Hello All!! We have a requirement like below and ...
# feedback-and-requests
r
Hello All!! We have a requirement like below and could you please help us to understand if the Airbyte is a good fit for our use case for EL of ELT. 1. We have 10,000+ customers and they send the data in CSV, XLSX, CSV/XLSX as email attachment and EDI file formats 2. Each customer sends 100s of files daily in one of the above file formats and around we receive around 100,000 files each day 3. We are evaluating to use Airbyte and File as Source and Postgres as Destination with basic normalization enabled to write to Postgres 4.  We are also evaluating dbt to run on top of the above said basic normalized data to have a common data model as much as possible We ran a basic validation/POC with Airbyte to evaluate to achieve above requirements but we could not close to a solution thus far due to below current issues. Could you please help us by addressing below current challenges: 1. How do we process 100,000 unique files using File(Source) to Postgres(Dest.) connection? 2. Do we need to create 10,000+ Sources/connections as one per each customer? 3. Do we need to create 10,000+ Destinations for Postgres schema's as one per each customer? 4. How do we handle if we receive 100+ files from same customer on a same day(currently we are seeing only one file name can be configured through Source/Destination and Connector i.e. 1:1)? 5. How can we handle the frequent data type and columns(+/-) changes at source with Airbyte? 6. What is the connections limit at Airbyte? 7. Can we able to manage these many sources/destinations and connections? 8. Is there a better way to achieve the above requirement by using Airbyte and bdt? 9. What is the plan/roadmap for accepting the EDI files as File Source? 10. What is the plan/roadmap for accepting the XML files as File Source? 11. Any source connector to read to retrieve the mail attachment for above said files? 12. We have converted EDI file to JSON and sourced it to Airbyte but we could not see the data in tables created in Postgres with basic normalization, any help/video to understand E2E flow? Could you please help us with a demo and/or a workshop to know how Airbyte can used to achieve our above requirement. Let us know if we can meet any of the Airbyte Engineers/SMEs to know more to introduce this feature rich trending EL of ELT tool. Thanks in anticipation!! Thanks, Ravi Kottu
u
Hi @Ravi Kottu 1. 2. Our File(Source) connector is currently only able to handle a single file, so you'll have to create one connection per file... Our S3/GCS connector can handle multiple files (using glob patterns) with the same schema so you could try to upload your file to S3 if possible. 3. You can create a single Postgres connection and target different schemas with namespace settings in connection's sync settings 4. Same answer as 1.: S3/GCS source will allow you to sync new files in incremental mode 5. We do not support schema evolution yet 6. There is no virtual limit, properly sizing your Airbyte instance / cluster will be the solution here. 7. Yes 8. Host your source files in a cloud storage (S3/GCS) and perform incremental load + prefix matching to handle multiple file. 9. Feel free to request this file format support on our GitHub repo 10. We have an open GitHub issue for XML support with S3 connector, feel free to subscribe to it to get updates on this topic . 11. We only support structured data format on which a schema can be infered 12. Feel free to open an issue / write a specific message in #troubleshooting so that we can investigate this together We have plenty of resources on our website to help you understand what you can do with Airbyte.
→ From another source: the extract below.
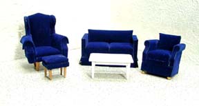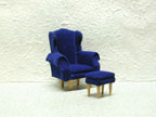Wing Chair w/stool - Blue

Let us know if you have other specific question for which we'll be glad to answer.
g
@[DEPRECATED] Augustin Lafanechere Thank you for answering and appreciate your help. Could you please provide few more details to continue further. 1. How do we process 100,000 unique files using File(Source) to Postgres(Dest.) connection? 2. Do we need to create 10,000+ Sources/connections as one per each customer? 1 & 2. Our File(Source) connector is currently only able to handle a single file, so you’ll have to create one connection per file...  Our S3/GCS connector can handle multiple files (using glob patterns) with the same schema so you could try to upload your file to S3 if possible. — Does this connector also support Azure as like as S3/GCS connector? 4. How do we handle if we receive 100+ files from same customer on a same day(currently we are seeing only one file name can be configured through Source/Destination and Connector i.e. 1:1)? Same answer as 1.: S3/GCS source will allow you to sync new files in incremental mode — Can Azure be used in place of S3/GCS source? — Can DBT be able to track it? 12. We have converted EDI file to JSON and sourced it to Airbyte but we could not see the data in tables created in Postgres with basic normalization, any help/video to understand E2E flow? Feel free to open an issue / write a specific message in #troubleshooting so that we can investigate this together — I will run a test with JSON as a source and post the details in* #troubleshooting* for more updates
u
For 12th question, I am uploading the Log file and the screenshots from Postgres DB. Please have a look at that and let us know to understand the right behaviour.